##### Listed records

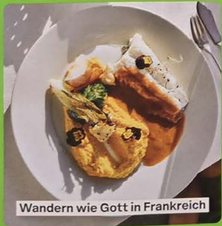
Wandern wie Gott in Frankreich
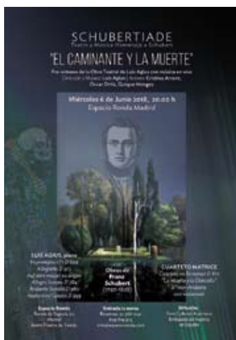
Cartel del estreno El caminante y la muerte (Espacio Ronda, 2018).
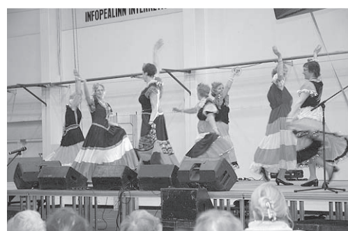
Järvakandi „Vürtsitüdrukud“ esitavad mustlastantsu.
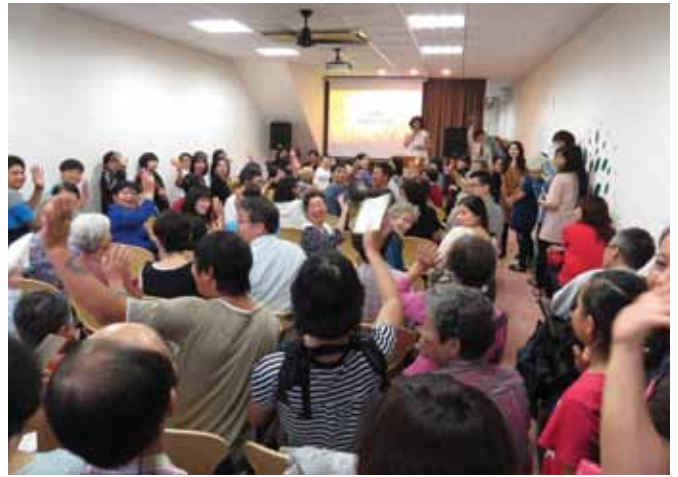
五結靈糧福音中心開堂禮拜

傳福音之外，也投入服事當地的原住民，並在城市的合一和轉化中扮演重要的角色，這是當初沒有想到的，感謝神格外恩膏亞庇靈糧堂。

##########

*Your goal:* In the copy, every entry must appear exactly as written, and no picture may appear.

*Completed exercise:*
Wandern wie Gott in Frankreich
Cartel del estreno El caminante y la muerte (Espacio Ronda, 2018).
Järvakandi „Vürtsitüdrukud“ esitavad mustlastantsu.
五結靈糧福音中心開堂禮拜

傳福音之外，也投入服事當地的原住民，並在城市的合一和轉化中扮演重要的角色，這是當初沒有想到的，感謝神格外恩膏亞庇靈糧堂。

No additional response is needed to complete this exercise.